小家伙躲被子里两手捂着眼睛,却又透过指缝巴巴地看着他。
“……”郑书恒愣了一下,还以为是出了什么事,“你看这个做什么?”
苏墨:“不是你让我看电视的嘛,就没个正经的节目,全是这种,开幕就是雷击,好吓人,你过来陪我一起看。”
边说,边掀开自己的被子一角,留出枕边的位置。
郑书恒没有直接过去,手里湿哒哒的内裤淅淅沥沥地淌了一小滩水在床边。
苏墨这才发现男人手里洗的是什么,脸蛋刷的红了,比恐怖片里楼梯上的血迹还红。
他连忙又重重拍了拍身边的被窝,在电视机里贴脸开大的同时把被子扯起来当门帘挡住血腥恐怖的场面,呼叫男人,“啊啊啊啊啊,快来,快来,女鬼吃人了!”

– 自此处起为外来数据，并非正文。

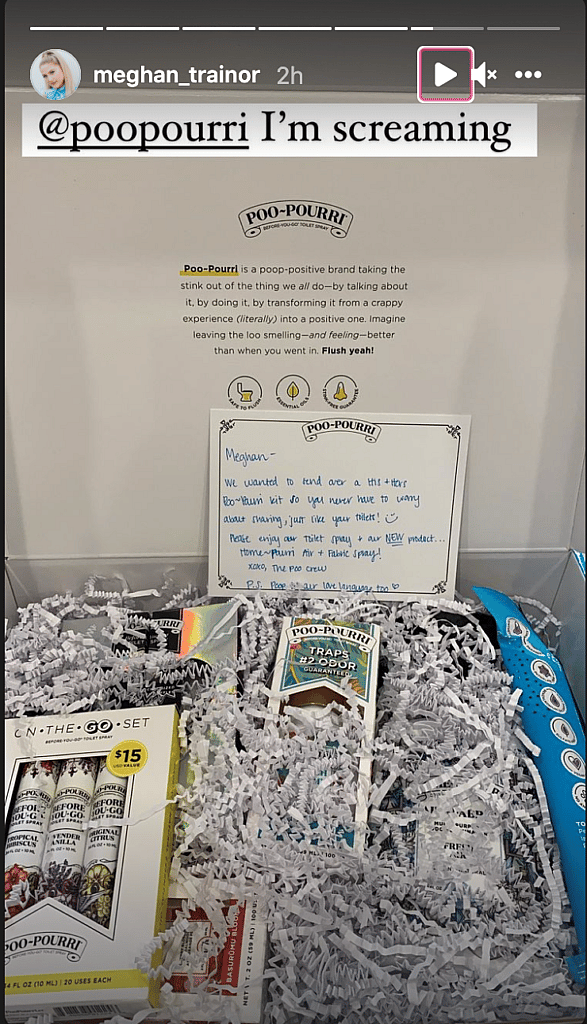 She posted a photo of the present with a note that read, “Meghan, we wanted to send over a His+Hers Poo-Pourri kit so you never have to worry about sharing; just like your toilet! Please enjoy our toilet spray and our NEW product… Home-Pourri Air+Fabric spray! XOXO, The Poo Crew. P.S. Poo is our love language too.”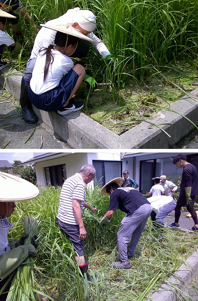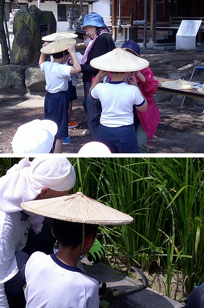 地域の方々に教えていただきながら、まず菅笠をかぶります。そして鎌を使ってていねいに菅を刈り取っていきます。なかなかできない貴重な体験です。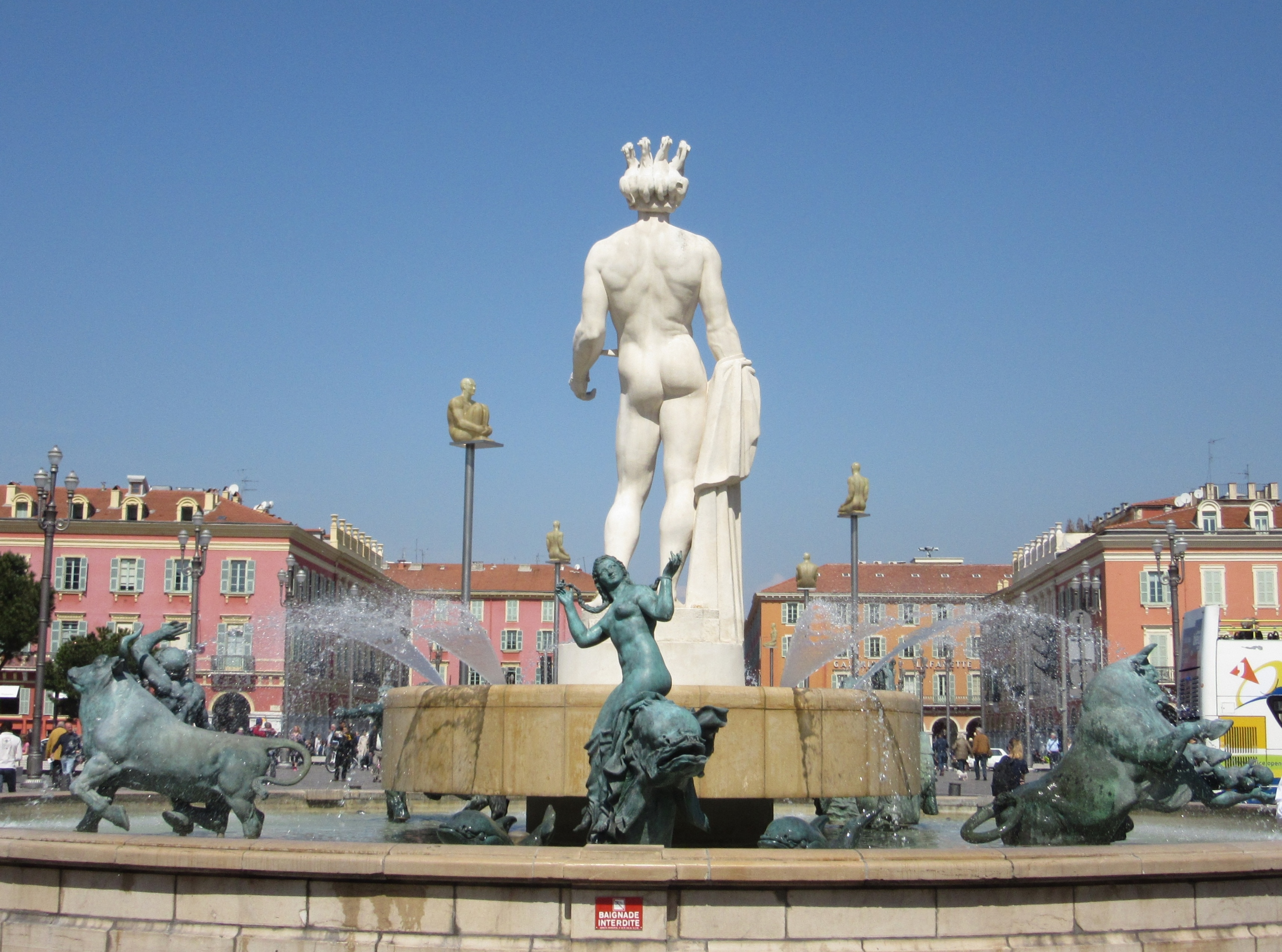 Nice has a large, beautiful pedestrian plaza named Place Massena. It is, however, cut through with an electric train. (They can be quiet and sneak up on you!) The plaza has a beautiful fountain with a statue fittingly known as Fontaine Du Soleil, Fountain of the Sun.
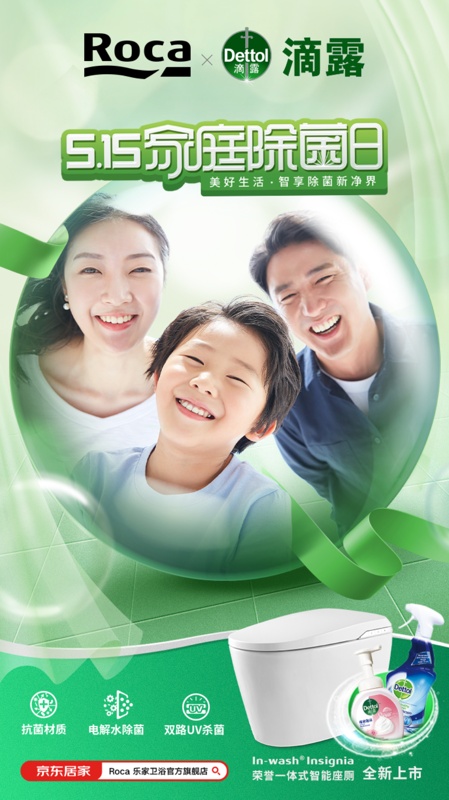 如今,全民健康衛(wèi)生意識達(dá)到前所未有的高峰,此次以除菌為亮點(diǎn)的In-Wash? Insignia榮譽(yù)一體式智能座廁上市,衛(wèi)浴專家Roca攜手專業(yè)消毒除菌品牌滴露,組成“家庭除菌新凈拍檔”,旨在攜手從生活的點(diǎn)滴細(xì)節(jié)守護(hù)全家,提升健康潔凈的生活品質(zhì)。Roca和滴露此次共創(chuàng)“家庭除菌日“,發(fā)起線上線下的家庭健康守護(hù)活動(dòng),并同步宣發(fā)聯(lián)名禮盒。 5月15日到5月31日之間,在Roca和滴露官方微博和小紅書平臺參與互動(dòng),分享“家家有本凈化論”相關(guān)內(nèi)容,便有機(jī)會(huì)贏取Roca榮譽(yù)一體式智能座廁以及“家庭除菌新凈拍檔聯(lián)名禮盒”(禮盒內(nèi)含滴露浴室清潔除菌噴霧、滴露慕斯泡沫抑菌洗手液,以及價(jià)值500元的Roca代金券和榮譽(yù)一體式智能座廁明信片一組)。以中國家庭需求為中心,Roca和滴露珠聯(lián)璧合打造無懈可擊的衛(wèi)生組合,“舒”寫智享除菌新凈界。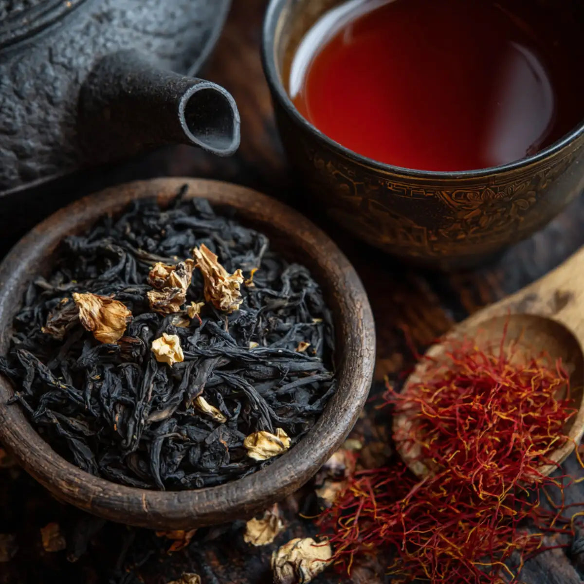 Ein rauchiger, lebendiger Auftakt: Lapsang-Souchong-Schwarztee (Headspace), grünes Galbanum, Kardamom und trockener Pfeffer. Im Herzen entfaltet sich warmer, mineralischer Safran, abgerundet von bitterem Mate, harzigem Weihrauch und pudriger Iris. Die Basis trägt gegerbtes Leder, fruchtigen Osmanthus und erdiges Patschuli in sich, die gemeinsam eine vielschichtige Tiefe aufbauen.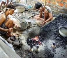 The objects made of bell-metal are heavier and bulkier in weight because of the extensive use of metal. This craftsmen inherit the knowledge from their elders and thus the industry runs on hereditary system. Modem tools and technology has not yet touched the lives of the artisans and they still adhere to primitive tools and equipments in bell-metal production. One major problem faced by the industry is the supply of raw materials which is usually purchased from the middleman.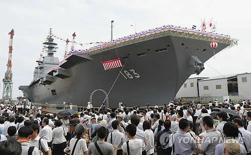 ↑ 일본 해상자위대의 항공모함급 헬기 호위함 `이즈모`. (교도=연합뉴스 자료사진)

“……”郑书恒不得不回去洗手间,把那条怎么洗也洗不太干净的内裤放回盆子里,而后洗了洗手,小心翼翼钻进苏墨身边的被子。
苏墨的胳膊迅速挽过来,脸蛋也贴到他怀中。
郑书恒还以为他真的害怕,每到恐怖气氛的时候就代替被子挡住他的眼睛,充当人形“前方高能”警示器。
除此之外男人就没有更优秀的表现了。
身子僵僵的,苏墨感觉自己是贴在一个硬邦邦的人形石头上,明明自己都投怀送抱了,也不晓得搂一搂他。
男人好像刻意避免与他有过多的肢体接触,硬生生把恐怖片看成了纪录片……
苏墨的观影体验其实也差不多,撩不到男人真的让他很无聊,渐渐地就起了不甘心的心思,他偷偷看男人一眼,在对方再一次手动预警蒙向他的眼睛时,突然摁下了身下情侣双人大圆床的某个神秘按钮。
床它,就这么激情四射的……震动了起来。